* _WHAT YOU HAVE TO DO_
Both the line containing "CARTA COROGRAFICA D’ITALIA FOGLIO 14 ANCONA" and the line containing "對於一個完完全全的新手,你還" belong to the span. Output exactly that span from the listing below, and nothing outside it.

* _INPUT DATA_
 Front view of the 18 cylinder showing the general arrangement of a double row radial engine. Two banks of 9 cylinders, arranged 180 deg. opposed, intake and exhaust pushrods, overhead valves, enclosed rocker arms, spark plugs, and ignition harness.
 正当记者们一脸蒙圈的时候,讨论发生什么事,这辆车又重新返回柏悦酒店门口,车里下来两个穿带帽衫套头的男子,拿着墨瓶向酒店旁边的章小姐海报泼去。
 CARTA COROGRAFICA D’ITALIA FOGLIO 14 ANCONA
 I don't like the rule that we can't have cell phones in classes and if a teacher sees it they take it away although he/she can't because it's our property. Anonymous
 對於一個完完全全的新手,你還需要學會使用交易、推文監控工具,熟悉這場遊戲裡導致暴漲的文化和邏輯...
==
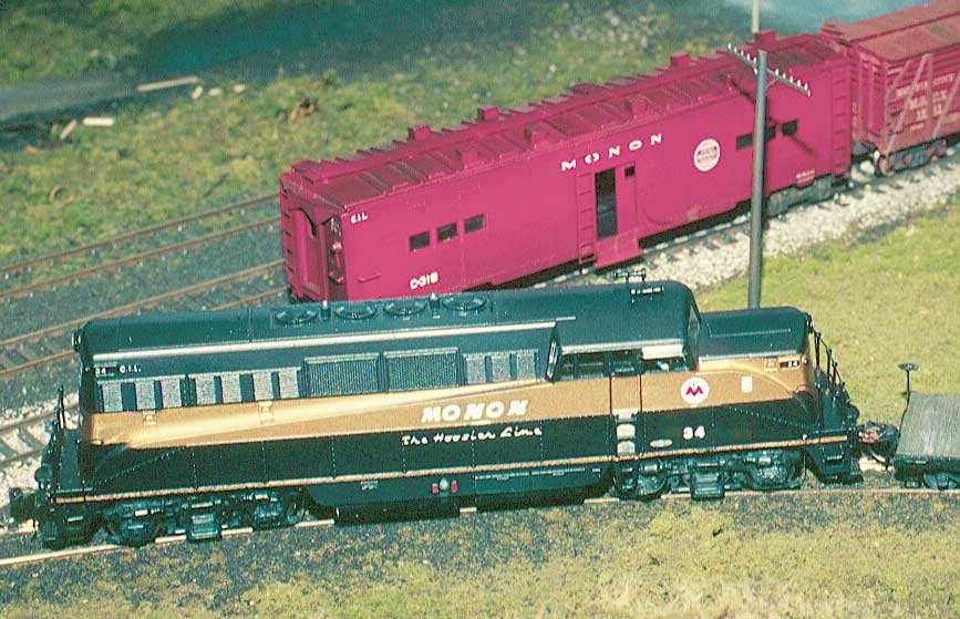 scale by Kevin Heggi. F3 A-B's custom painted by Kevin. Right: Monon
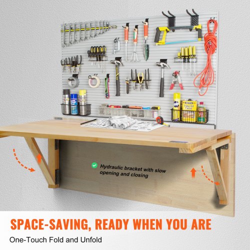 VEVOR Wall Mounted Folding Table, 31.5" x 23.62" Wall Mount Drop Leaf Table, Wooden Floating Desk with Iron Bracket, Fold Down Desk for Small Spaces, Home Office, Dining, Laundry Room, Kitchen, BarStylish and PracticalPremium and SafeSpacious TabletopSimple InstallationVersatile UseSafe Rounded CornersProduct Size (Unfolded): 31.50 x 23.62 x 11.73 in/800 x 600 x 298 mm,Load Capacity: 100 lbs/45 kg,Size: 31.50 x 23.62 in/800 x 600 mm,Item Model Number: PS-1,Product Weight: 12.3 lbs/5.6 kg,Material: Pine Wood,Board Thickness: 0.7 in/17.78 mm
* * *
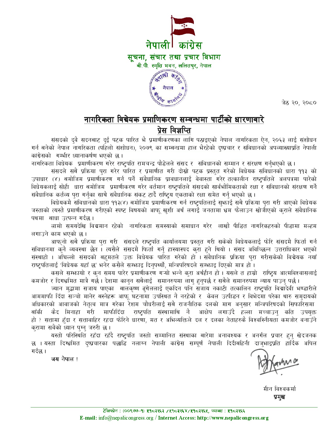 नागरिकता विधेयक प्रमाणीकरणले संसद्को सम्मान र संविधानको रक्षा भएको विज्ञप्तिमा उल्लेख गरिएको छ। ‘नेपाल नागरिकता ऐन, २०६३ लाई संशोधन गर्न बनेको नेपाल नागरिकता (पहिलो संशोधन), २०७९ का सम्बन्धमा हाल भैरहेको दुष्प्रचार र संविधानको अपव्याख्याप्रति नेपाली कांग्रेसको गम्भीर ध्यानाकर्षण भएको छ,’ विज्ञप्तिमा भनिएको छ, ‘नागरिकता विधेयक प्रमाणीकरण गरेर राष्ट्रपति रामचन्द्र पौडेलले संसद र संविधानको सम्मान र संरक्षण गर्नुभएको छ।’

* _RESPONSE AREA_
 CARTA COROGRAFICA D’ITALIA FOGLIO 14 ANCONA
 I don't like the rule that we can't have cell phones in classes and if a teacher sees it they take it away although he/she can't because it's our property. Anonymous
 對於一個完完全全的新手,你還需要學會使用交易、推文監控工具,熟悉這場遊戲裡導致暴漲的文化和邏輯...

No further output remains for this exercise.